Temporada

Uma das coisas mais bacanas do inferno astral é a oportunidade absurdamente expandida de encerrar ciclos, preparar-se para o novo, resolver pendências, instigar mudanças, criar movimento. Eu gosto particularmente do meu, todo ano chego à mesma conclusão.
A vida não piora, no (meu) inferno astral. Muito pelo contrário. Com a sorte de ter nascido em dezembro, coincide a época de colocar a vida em perspectiva e olhar para os meses adiante com um olho nos meses que se passaram.
Semana passada, segredavam-me aquilo que todos sabemos de que “a César o que é de César”. No sentido de que, se a César se dá mais do que César consegue, ou merece, levar e manter dentro de si, algo de menos se dá a Deus, que é o outro lado desse binômio bíblico. E como Deus está em tudo, e tudo está em Deus, e namastê-o-deus-em-mim-saúda-o-deus-em-ti, resulta que, se demais se dá a César, de menos se dará a esse pedaço nosso que é o todo e que é a nossa origem, vocação e verdadeira essência divina. Inferno astral é um momento privilegiado para se perceber se o que damos a César assiste realmente a César. E corrigir a rota, e dar a quem é de direito o que lhe pertence.
No estado de sensibilidade alterada, de uma capacidade perceptiva interna mais alimentada, como são essas semanas de inferno astral, as coisas que nos afetam, ou nos desafetam, tornam-se mais nítidas. Se os deixarmos, os insights farão visitas frequentes. Teremos presentes dos céus em forma de reencontros inesperados.
Nesta madrugada, escrevo porque está particularmente difícil adormecer. Tenho a impressão de ter o corpo cheio de estrelas, tremeluzindo através de cada poro. Fico encantada, e não durmo. Na escuridão do quarto, brilho. E me pergunto se este brilho em mim estará brilhando em outros também.
Sei que sim, e por isso também me ponho a escrever. Porque talvez aqueles que originaram esse brilho, um pouco incautos porque não têm a sorte de estar em seu inferno astral, estejam desconcertados, e não saibam de onde vem esse sentimento que de tão plácido não permite o sono.

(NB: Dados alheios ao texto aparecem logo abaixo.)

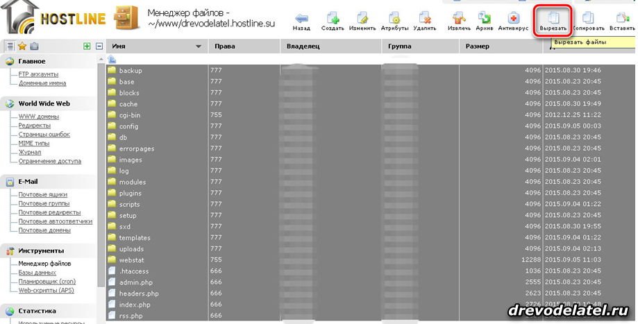 Выделяем все файлы сайта и кликаем на кнопку «Вырезать».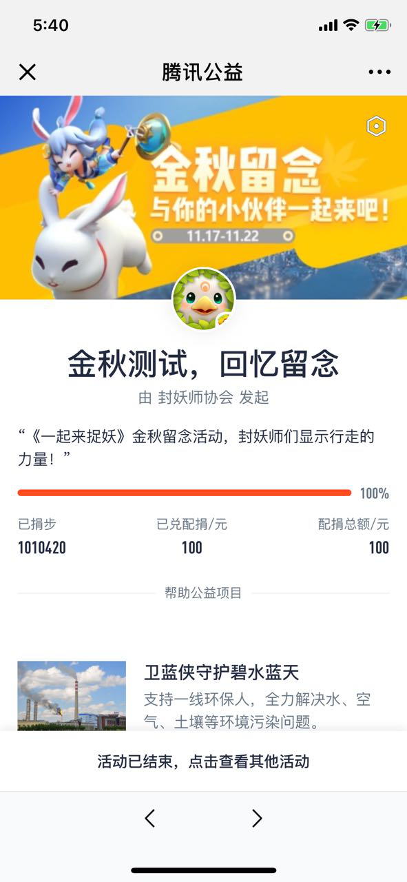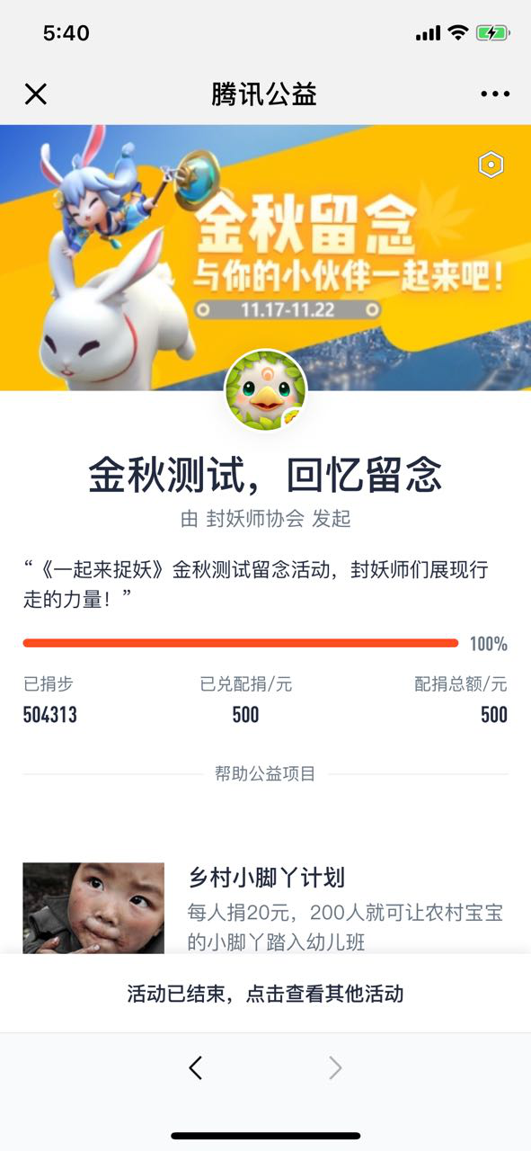 仅仅几天时间,封妖师就已捐赠了高达161万的步数,这份热情、这份爱心,足以体现本次金秋测试的火热程度。虽然游戏已经删档,相信封妖师们会持续关注游戏,期待《一起来捉妖》正式上线。《一起来捉妖》会以更好的姿态迎接各位封妖师的到来,我们不见不散!

Pois bem: foram os abraços. Aqueles frequentes, aqueles deliciantes, aqueles reconhecedores, e os desconhecedores também, mas sobretudo, e muito, aqueles que quase ficam pelo caminho, com cara de tropeço desagradável, e de repente se retomam. De repente abrem-se os braços e os outros braços estão ali abertos também, num acolhimento mútuo que enche os olhos de lágrimas. E o que se sente faz-se carne, e logo a seguir estrela, e cá estou eu que não consigo dormir por causa de um abraço.

Porque, descobri às vésperas de entrar neste paradisíaco inferno astral, sou como estrela em busca de constelação, e em dia em que os constelamentos brotam como água de mina, eu só posso mesmo é querer ficar acordada e ver em mim, nítido como um girassol, o que fazem os outros quando se abrem, inteiros, a um abraço de corpo, alma e espírito.